Brain image registration and deformation

Hi,

I’m working on longitudinal brain registeration throughout the Alzheimer’s disease. I am using strucstral MR images (mostly T1). I am trying to perform rigid body transformation and then calculate the deformation gradient of different regions in the brain, longitudinally.

I wanted to know which software is better suited for doing this job. I know that ANTS and ITK are widely used to do the registration, but someone suggested since my work would be longitudinal SPM 12 would be a better fit, since it is more used in time dependant analysis of the brain in fMRI.

I am reading a lot of material on this topic but depending on who I’m asking and which community of neuroimaging I am referring the answer is different. So my question is whether I should use combination of ITK and ANTS or SPM and Imregdemons?

Thanks,
Shima

cc:
@oren_civier

For rigid body alignment all tools should work well as long as they get a good starting estimate. Rigid body registration is very constrained, so the opportunity for subtle local errors is small. If the algorithm has a poor starting estimate, these algorithms will fail catastrophically, and you can see that easily with visual inspection of the results. If they have a good starting estimate, one will get a virtuous cycle of the algorithm homing in on a good solution (within the limits of the method).

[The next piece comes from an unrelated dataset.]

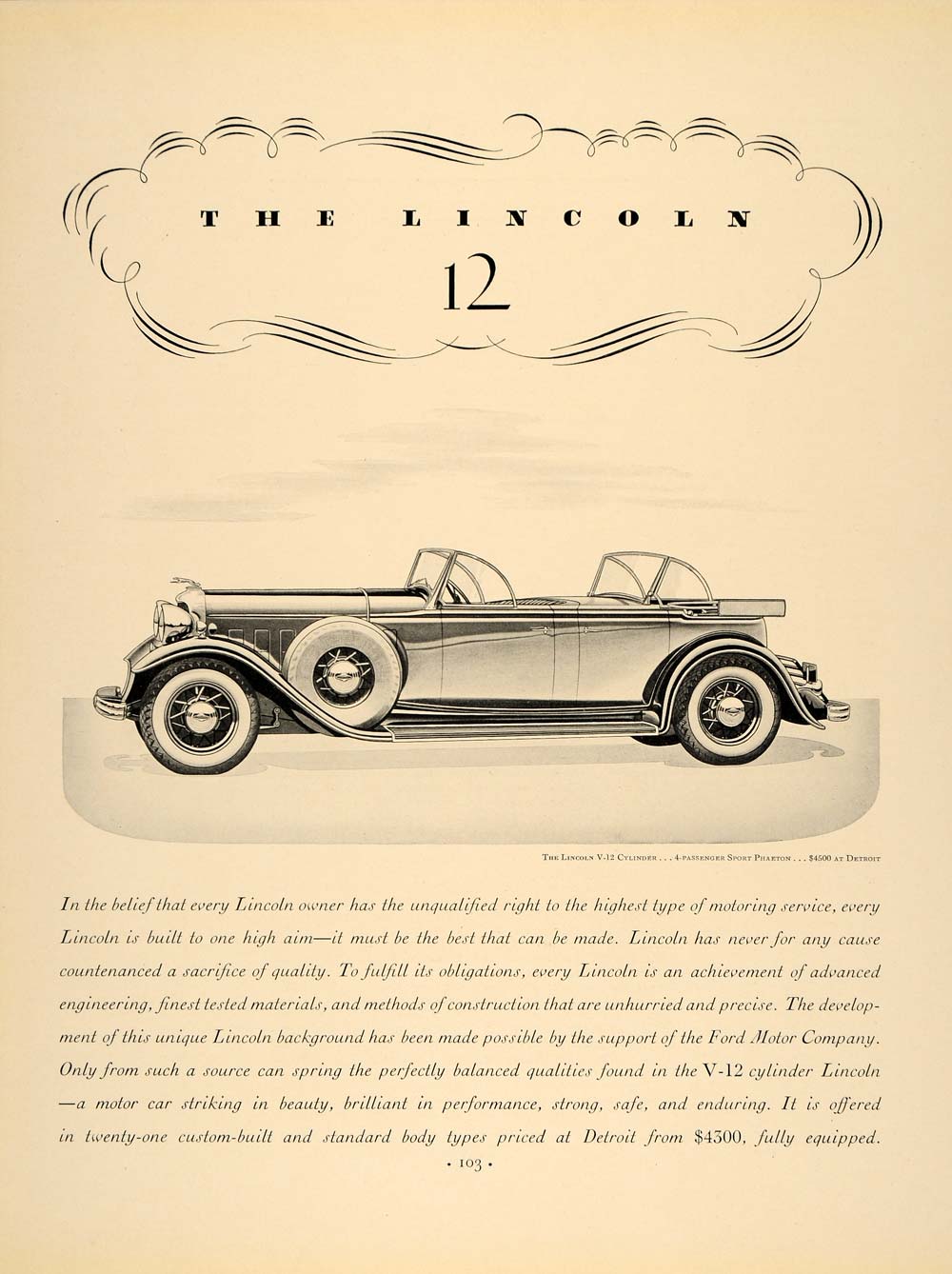 This is an original 1932 black and white print ad for the Lincoln 12 from the Ford Motor Company.

When we first acquire MRI scans, the origin of the image will be the scanner isocenter, and the world coordinates will be with respect to the scanner bore. Therefore, you get a lot of variability depending on how the individual was positioned in the head coil. You may want to consider a method that uses center of mass and other heuristics to set the origin and alignment to roughly match MNI space. As an example, consider my setOrigin scripts. This will provide nice alignment for other methods.

Using rigid body coregistration will align multiple images from the same individual well. You can then look at non-linear deformations across those images to understand atrophy. However, those comparisons will only be in the individuals space, and make group inference a bit trickier.

For doing longitudinal group studies like this, you might want to look at more aggressive non-linear deformations that align images from different individuals to standard space while modulating the tissue for the amount of deformation applied (in other words, if an individuals corpus callous had to be dilated to have an average size, each voxel in this region has less white matter, just like the way the surface of a balloon gets thinner as it is inflated).

The nonlinear normalization of ANTS, SPM, AFNI can do a terrific job fitting local differences, but they can also create very subtle and hard to detect errors. In my experience, they all do a pretty good job with healthy young adults with European ancestry. However, you need to be very wary of using them images from older adults, individuals with wide diploid spaces, individuals with post-bregmatic depression, etc. Since the ADNI dataset includes a diverse range of individuals who are older, you will want to be very careful pursuing a non-linear approach. Since I work with stroke in a diverse population, I have spent a lot of time developing in house solutions. However, the widely available tool that has impressed me the most is CAT. I have seen CAT do a terrific job on images that confound the standard SPM routines.